An improvement? Certainly. Though the visible wooden panels hiding the back of the pay desks by two of the new windows seems a little messy, the new store now positively beckons you toward it.
Getting closer — well, will you look at that! New signage!
These two ornate metal pieces have just been added to each side of the main entrance, finally plussing an exterior which has so long been a sea of yellow with just the occasional “Walt Disney Studios Store” — a far cry from the signage-encrusted shops over on Main Street, for example. Now, guests can tell from afar that it sells souvenirs, toys, gifts and fashion.
The text is actually a little reminiscent of the signs over on the Franklin Department Store façade on Hollywood Boulevard, and note how the curve at the top nicely wraps around the existing lights. Excellent work!
Into that door we go… and, oh…
Is this what you expect at the Walt Disney Studios, a park full of action adventures and very un-royal Toons? Apparently so. In fact, since we last balked at the covering-up of the large Walt Disney centrepiece at the back there, it’s been elaborated on quite a bit more.
The new background and its surrounding shelves have been draped with royal red curtains and filled with even more Disney Princess merchandise.
Compared to the blandness across the rest of the store, it actually looks rather appealing when you’re there. Unless there’s some huge unknown market for Princess merchandise at the Studios we’ve missed though, it is strange positioning. Displays dedicated to say, the Disney Villains, could be more appropriate.

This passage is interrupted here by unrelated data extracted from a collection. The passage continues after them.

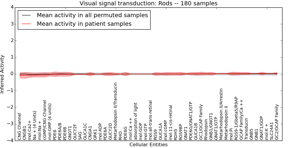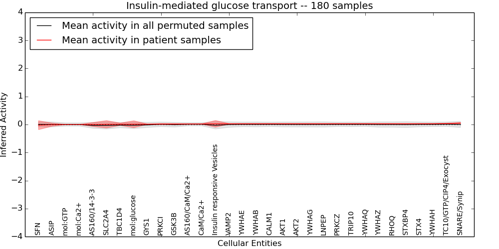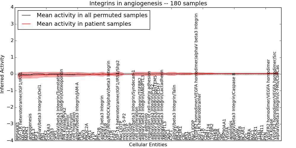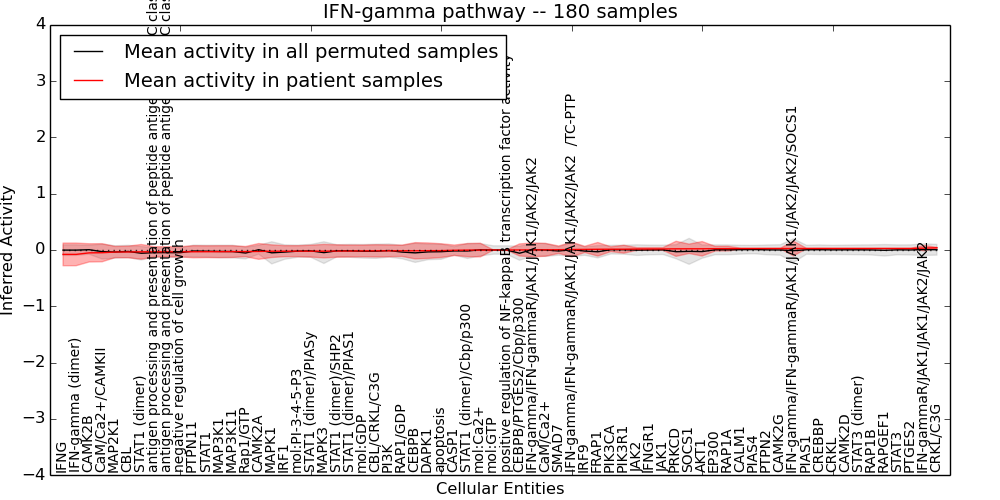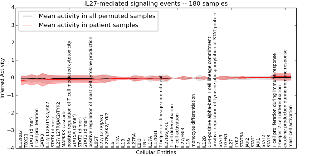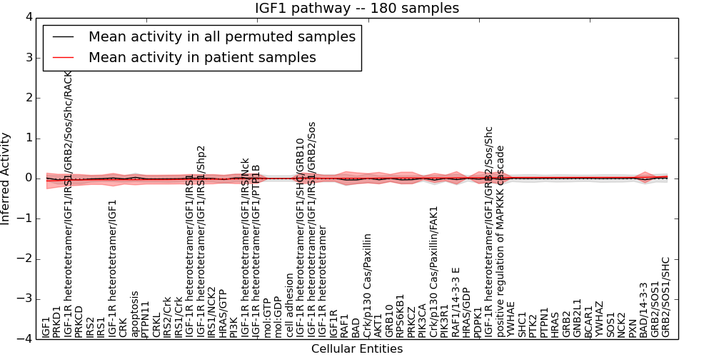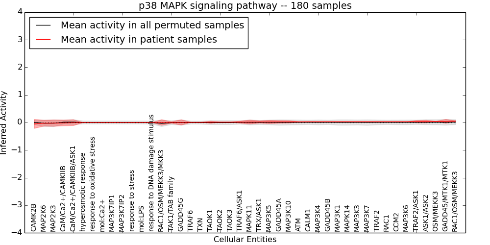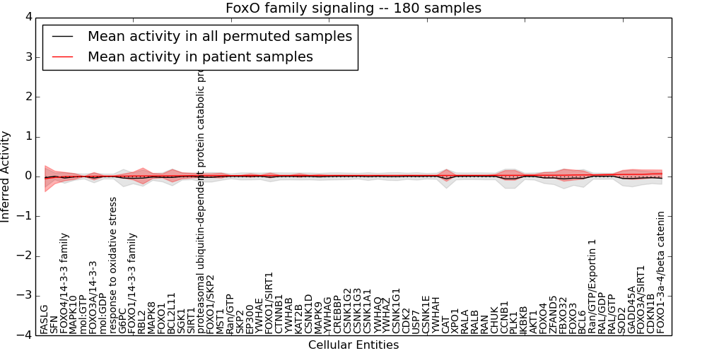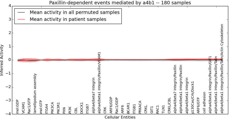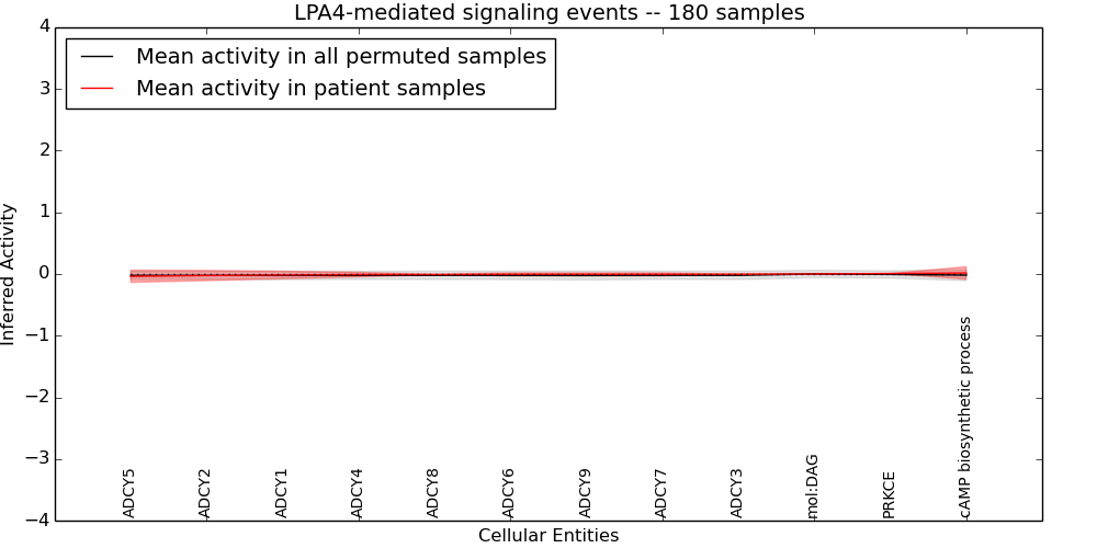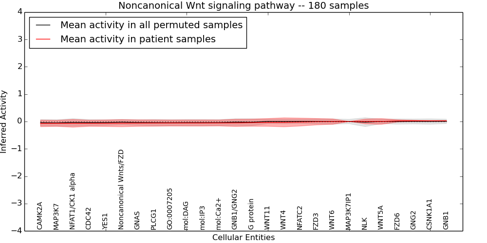 Figure S130. Get High-res Image This plot shows pathway concept perturbations across all samples against a permutation model. The concepts along the x-axis are sorted by lowest to highest mean activity for the real patient samples. Mean inferred activities are plotted along the y-axis as a colored band showing the average level and one standard deviation range. Real samples are shown in red and permuted samples in black.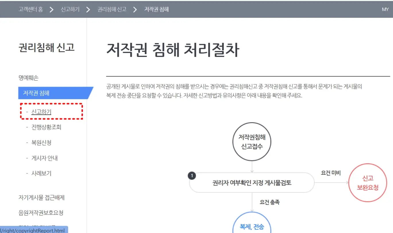 중앙 아래에 있는 메뉴 '저작권 침해신고' 로 들어가 봅니다.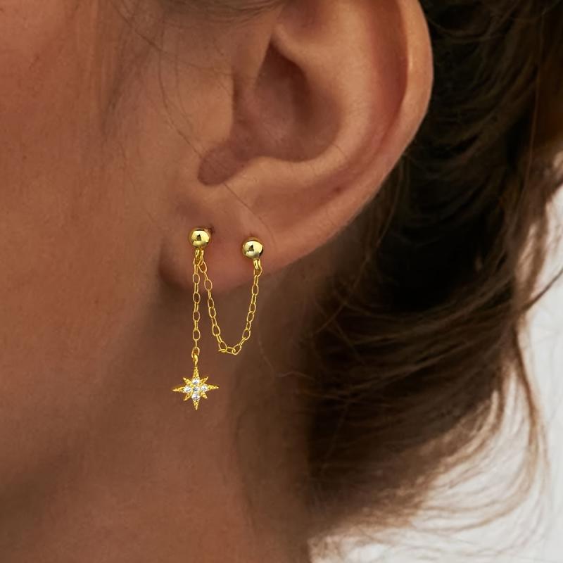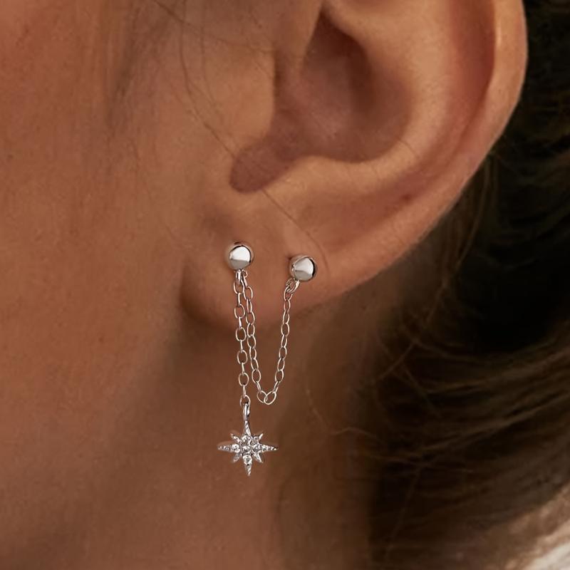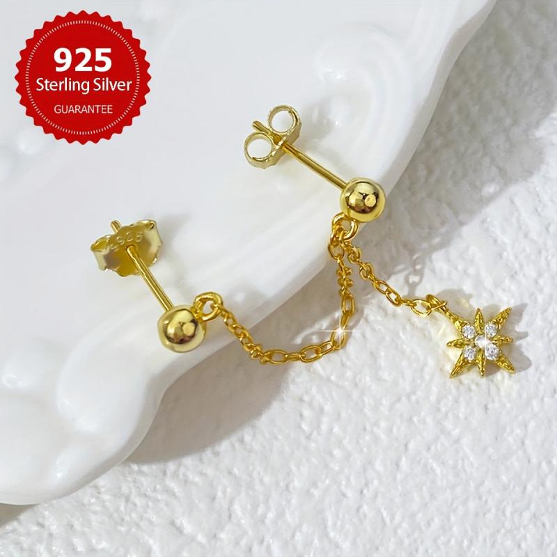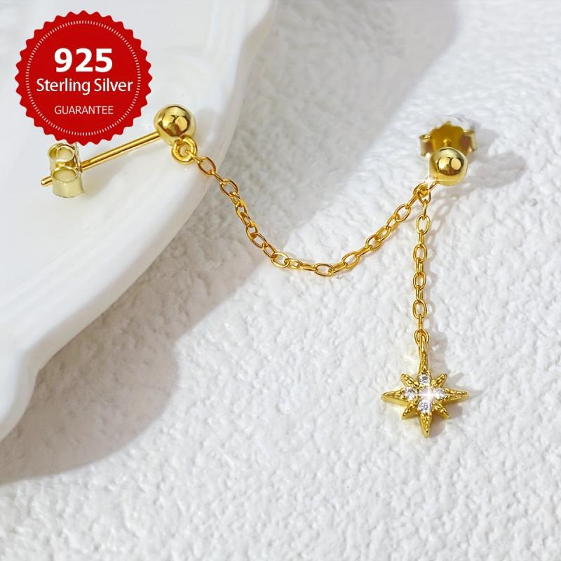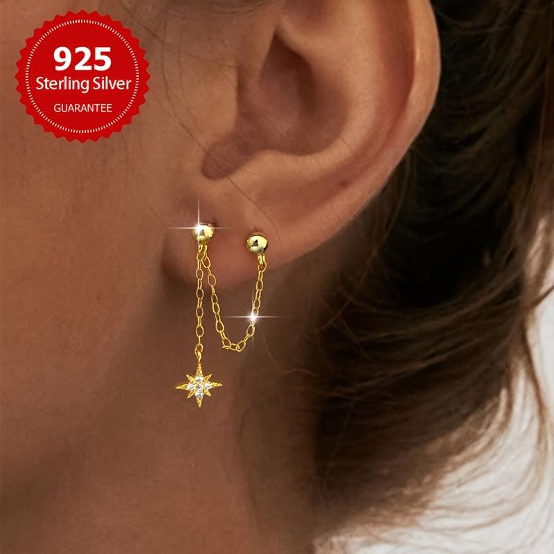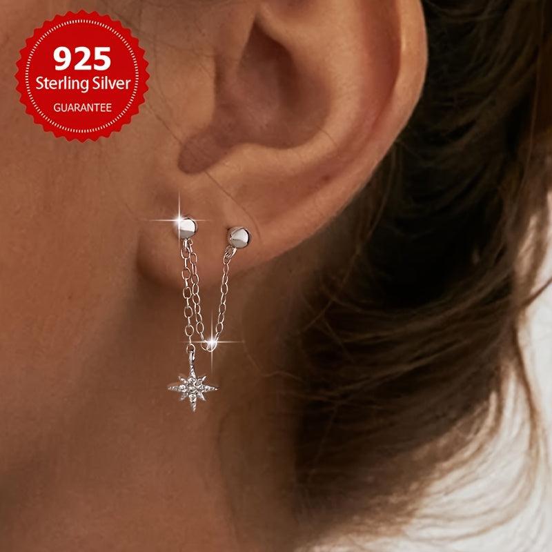 These elegant earrings feature a single chain design with double wearing options. Made of pure S925 silver, they are lightweight and stylish, weighing only 0.76 grams. Perfect as a gift for any occasion.

Stepping to the right, into the section of the store nearest Disney Studio 1, things suddenly get a whole let better. There are some brand new display units here, and a lot of quality merchandise.
Tasteful homewares, with lots of space to move between the shelves, and over behind the shot below, a great display of retro Minnie Mouse-themed polka dot accessories. It’s a great improvement on what the space was like before.
It also gives the feeling that a retro, Mickey and co, 1930s, Disney shorts theme would have been better for the store. Rooms themed to Walt Disney’s earliest creations (Bambi for the baby accessories, for example), rather than sparingly decorated with pictures of the man himself.
Talking of pictures — the second photo desk, over on the other side of the store, was open for use for the first time, perhaps… ever. Visitors now have a little less of a queue to pick up their souvenir photos from Toon Studio characters and so on.
Princesses aside, it’s looking ok, right? Wrong. Head into the final, separate room, nearest the park exit gates, to be met with…
Briefly dedicated nicely to plush toys, this room has become — no, not a poor version of your local charity shop — but a place for baby accessories, and all that stuff which doesn’t really interest a Disney fan. Good job too — with those bare white walls and the cheap display units, Oxfam suddenly looks like Selfridges…
A project with yet still more to come, or the final reel?